Monday, January 14

More on Buddhism in India

My post on Buddhism in India seems to have struck a minor chord, Two responses from Professor Farida Majid are pasted below.

       This is not a very satisfying piece being choppy and superficial. Let me give you a more probable picture of what happened in the eastern India -- in Bengal, or Bangladesh where there is still, probably the oldest continuous Buddhism in the world. The following comes from a professional historian. Richard M. Eaton is as professional as they come:
"Even while Indo-Buddhist civilization expanded and flourished overseas, however, Buddhist institutions were steadily declining in eastern India. Since Buddhists there left life-cycle rites in the hands of the Brahman priests, Buddhist monastic establishments, so central for the religion's institutional survival, became disconnected from the laity and fatally dependent on court patronage for their support. ...[F]rom as early as the seventh century, Brahmanism, already the more vital tradition at the popular level, enjoyed increasing court patronage at the expense of Buddhist institutions.  By the eleventh century even the Palas, earlier such enthusiastic patrons of Buddhism, had begun favoring the cult of two gods that had emerged as the most important in the newly reformed Brahmanical religion -- Siva and Vishnu."
---  Richard M. Eaton, The Rise of Islam and the Bengal Frontier: 1204-1760. U. of California Press. 1993.
          That short paragraph, dense with useful, provable facts, should teach my india-unity friends not to refract every glimmer of history through the prism of 'evil Brahmin and oppressed shudra'.  What you get here is quite contrary to your dearly held theories of 'religion imposed from the top'.  It is the laity where religions thrive and vibrate.  Buddhism probably withered on the vine in India, besides one or two other influencing factors affecting its decline.


                  Please spread the good word as widely as possible.

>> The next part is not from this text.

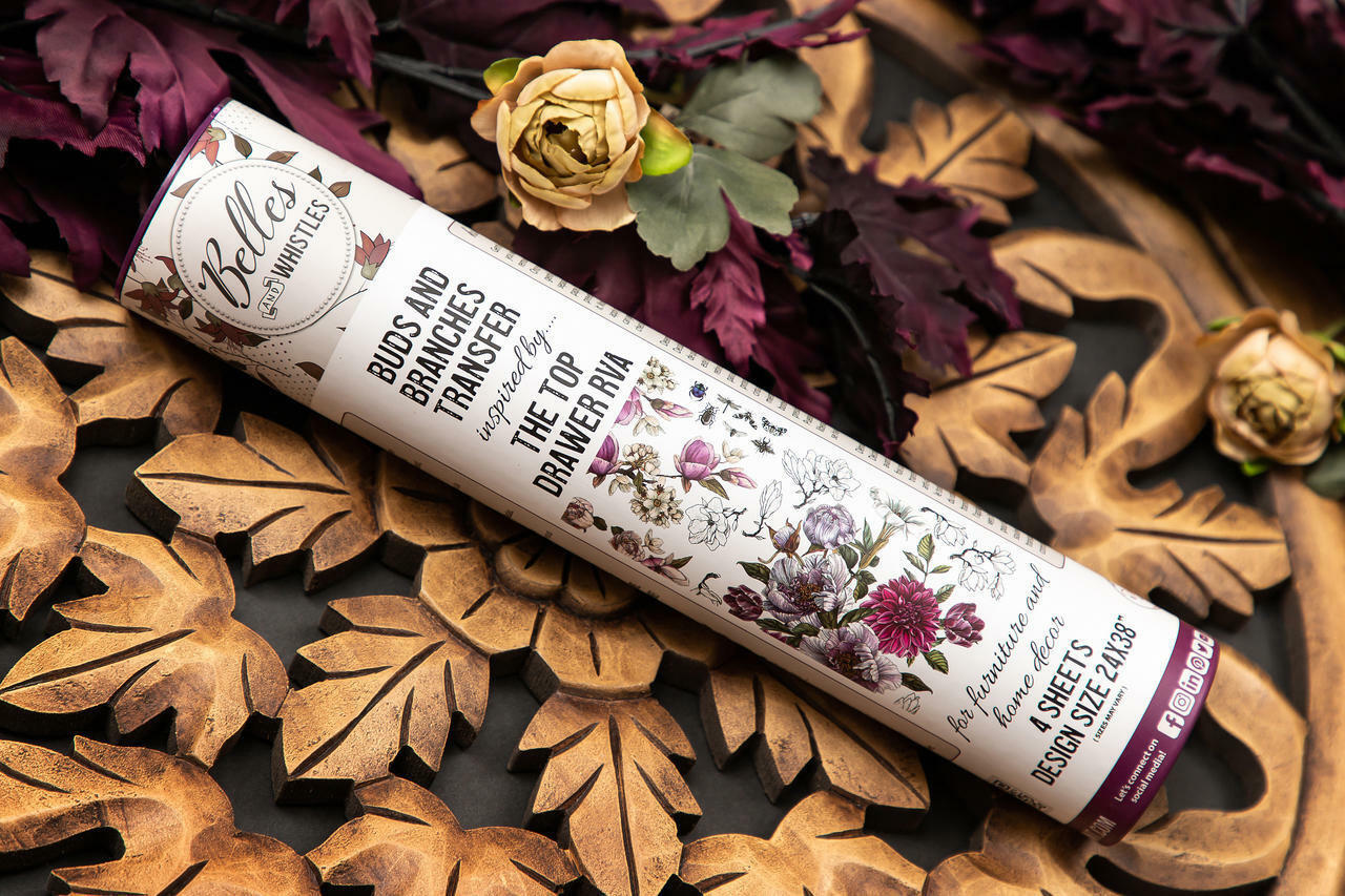 Buds and Branches transfer has been designed to apply as a whole or to be split into multiple pieces. The black overlay buds can be layered and built onto the flowers.
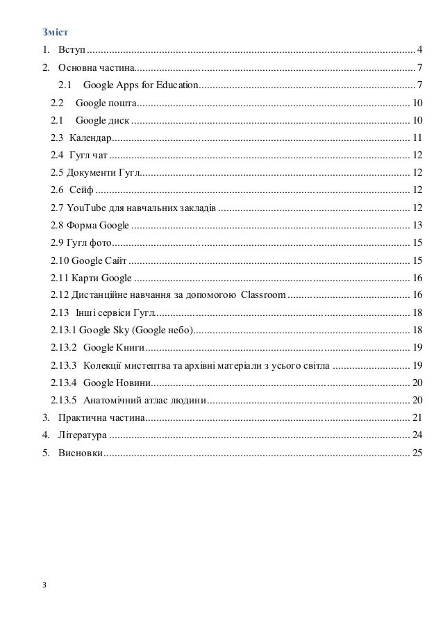 3. 3. 3 Зміст 1. Вступ......................................................................................................................4 2. Основна частина.....................................................................................................7 2.1 Google Apps for Education..............................................................................7 2.2 Google пошта.................................................................................................. 10 2.1 Google диск .................................................................................................... 10 2.3 Календар........................................................................................................... 11 2.4 Гугл чат............................................................................................................ 12 2.5 Документи Гугл................................................................................................. 12 2.6 Сейф ................................................................................................................. 12 2.7 YouTube для навчальних закладів..................................................................... 12 2.8 Форма Google .................................................................................................... 13 2.9 Гугл фото........................................................................................................... 15 2.10 Google Сайт ..................................................................................................... 15 2.11 Карти Google ................................................................................................... 16 2.12 Дистанційне навчання за допомогою Classroom ............................................ 16 2.13 Інші сервіси Гугл............................................................................................ 18 2.13.1 Google Sky (Google небо).............................................................................. 18 2.13.2 Google Книги............................................................................................... 19 2.13.3 Колекції мистецтва та архівні матеріали з усього світла ............................ 19 2.13.4 Google Новини............................................................................................. 20 2.13.5 Анатомічний атлас людини......................................................................... 20 3. Практична частина............................................................................................... 21 4. Література ............................................................................................................ 24 5. Висновки.............................................................................................................. 25

At the root of all forms of communalism is the colonial depiction of history of our own country. The descriptions of Hinduism (and its caste system), Islam, Buddhism, etc are all dumbed down versions as the British chose to describe them for the service of the Empire. The present stage of vicious communalism in India rests on nothing but these colonial depictions.
           Moududi of India and Syed Qutb of Egypt created a vision of a counter-Empire, a trans-national Islam that is at the root of all Islamic fundamentalism today.
           Hindu fundamentalism also stems from a desire for a counter-Empire -- wanna-be like them mentality.
            My way of countering this envy of empire is to dig in and re-discover the glorious history of our own country out of self-respect and self love, not out of an ingrained inferiority complex.
            You can quote me by name if you like since the studies of language, literature, history and culture (that includes religion) belong to my field.
             Thank you for your interest.